More people should be screened for abdominal aortic aneurysm

Lifestyle

A majority of patients who undergo repair for ruptured abdominal aortic aneurysms (AAAs) do not qualify for screening, according to a study published online in the August issue of the Journal of Vascular Surgery.

Kirsten D. Dansey, M.D., from the Beth Israel Deaconess Medical Center in Boston, and colleagues used the National Inpatient Sample (2004 to 2015) to identify ruptured (65,125) and intact (461,191) AAA admissions and repairs. Treatment and in-hospital mortality were compared between patients meeting the criteria for screening and those who did not.
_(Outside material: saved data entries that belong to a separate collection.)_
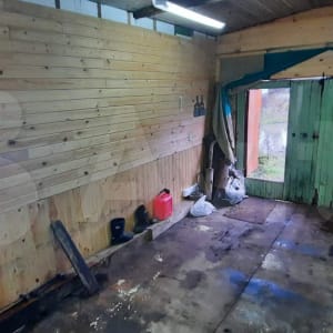 Санузел совмещенный. Сделан косметический ремонт в 2017 г., был установлен новый унитаз, раковина, водонагреватель. Была заменена проводка, установлены новые пластиковые трубы. Все обшито пластиковыми панелями.
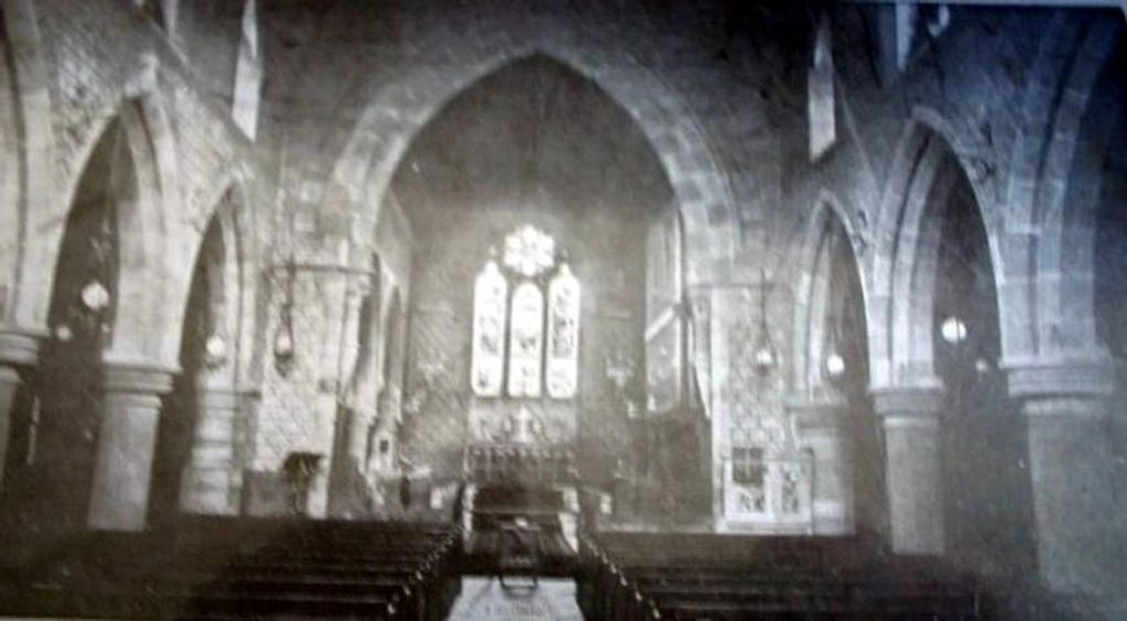 This grainy image was taken in the mid 1920s inside the church which was built in 1866 at the cost of £3,500. Built of red sandstone in the Early English style, it consists of chancel, a clerestoried nave of five bays, aisles, south porch and a western turret containing one bell. It is capable of seating 600 people.
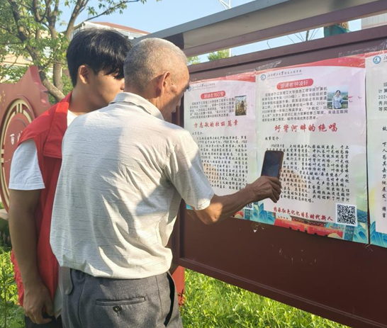 图为实践队队员引导村民扫码聆听红色有声故事 胡宇芩供图
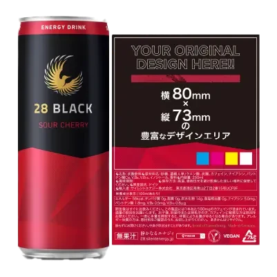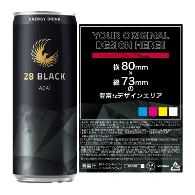 28 BLACKオリジナルラベルエナジィのデザインデータ作成用テンプレートをダウンロードいただけます。
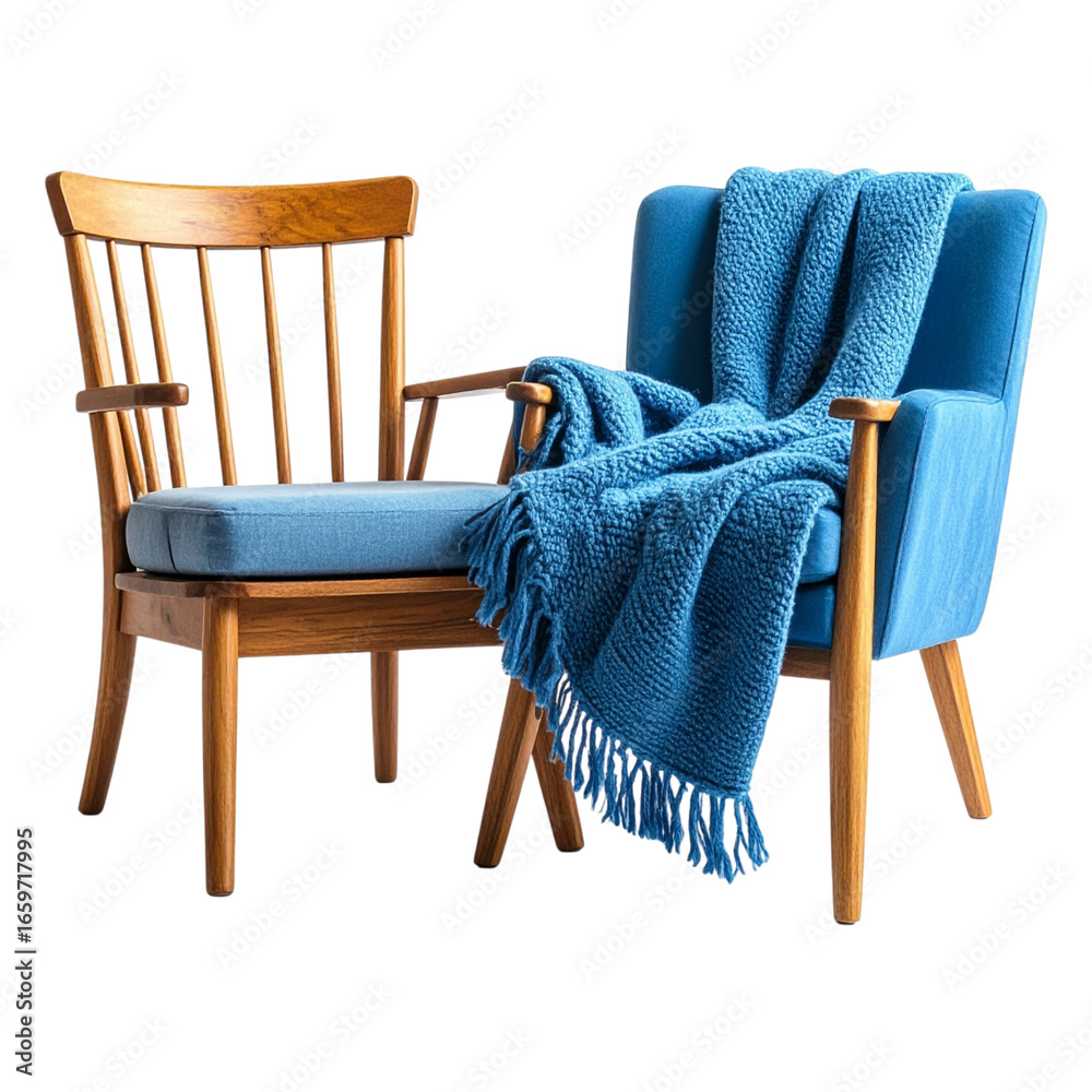 Classic Wooden Armchair With A Blue Blanket A Wallpaper Mural - Decorly Solutions | Decorly Solutions

The researchers found that an estimated 68 percent of admitted patients and 59 percent of patients who had undergone repair for ruptured AAAs did not meet the criteria for screening. Among patients who did not qualify for screening, 63 percent were older than 75 years, while 24 percent were younger than 65 years, and 36 percent were women. There was an increase in endovascular AAA repair for ruptured AAAs from 10 percent in 2004 to 55 percent in 2015, with operative mortality of 35 percent. Similarly, endovascular AAA repair increased for intact AAAs from 45 percent in 2004 to 83 percent in 2015, with operative mortality of 2.0 percent.
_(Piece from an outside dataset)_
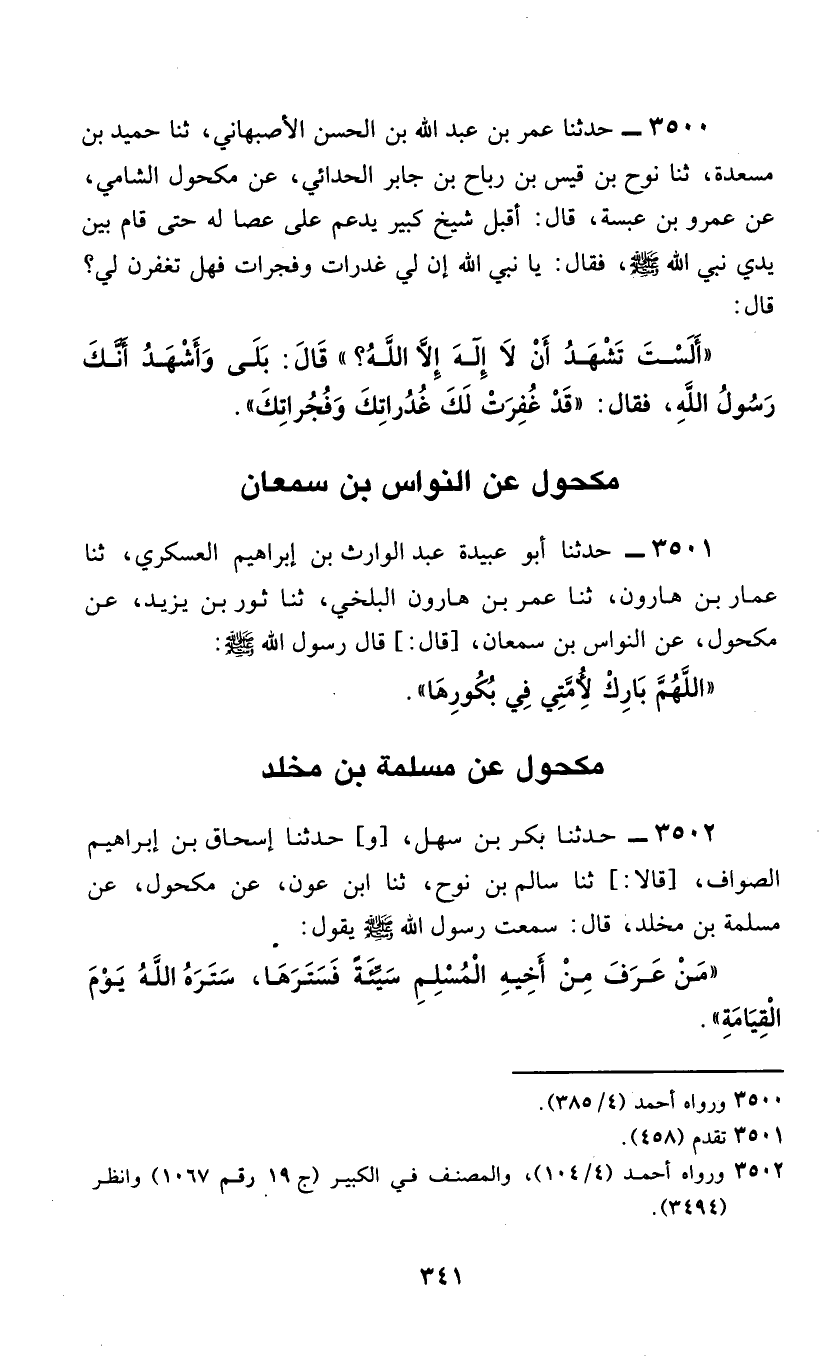 3500 - حَدَّثَنَا عُمَرُ بْنُ عَبْدِ اللَّهِ بْنِ الْحَسَنِ الْأَصْبَهَانِيُّ، ثَنَا حُمَيْدُ بْنُ مَسْعَدَةَ، ثَنَا نُوحُ بْنُ قَيْسِ بْنِ رَبَاحِ بْنِ جَابِرٍ الْحَدَائِيُّ، عَنْ مَكْحُولٍ الشَّامِيُّ، عَنْ عَمْرِو بْنِ عَبَسَةَ، قَالَ: أَقْبَلَ شَيْخٌ كَبِيرٌ يَدْعَمَ عَلَى عَصًا لَهُ حَتَّى قَامَ بَيْنَ يَدَيْ نَبِيِّ اللَّهِ صَلَّى اللهُ عَلَيْهِ وَسَلَّمَ، فَقَالَ: يَا نَبِيَّ اللَّهِ، إِنَّ لِي غَدَرَاتٍ وَفَجَرَاتٍ فَهَلْ تُغْفَرَنْ لِي؟ قَالَ: §«أَلَسْتَ تَشَهَّدُ أَنْ لَا إِلَهَ إِلَّا اللَّهُ؟» قَالَ: بَلَى، وَأَشْهَدُ أَنَّكَ رَسُولُ اللَّهِ، فَقَالَ: «قَدْ غُفِرَتْ لَكَ غَدَرَاتُكَ وَفَجَرَاتُكَ»

“The current screening guidelines are not based on modern practice data,” Dansey said in a statement. “The advantage of using endovascular AAA repair is missed when calculating which patients would benefit from this low-risk procedure. Patients aged >75 years constituted more than one half of the patients admitted with AAA rupture and represent a critical and increasing screening-ineligible population.”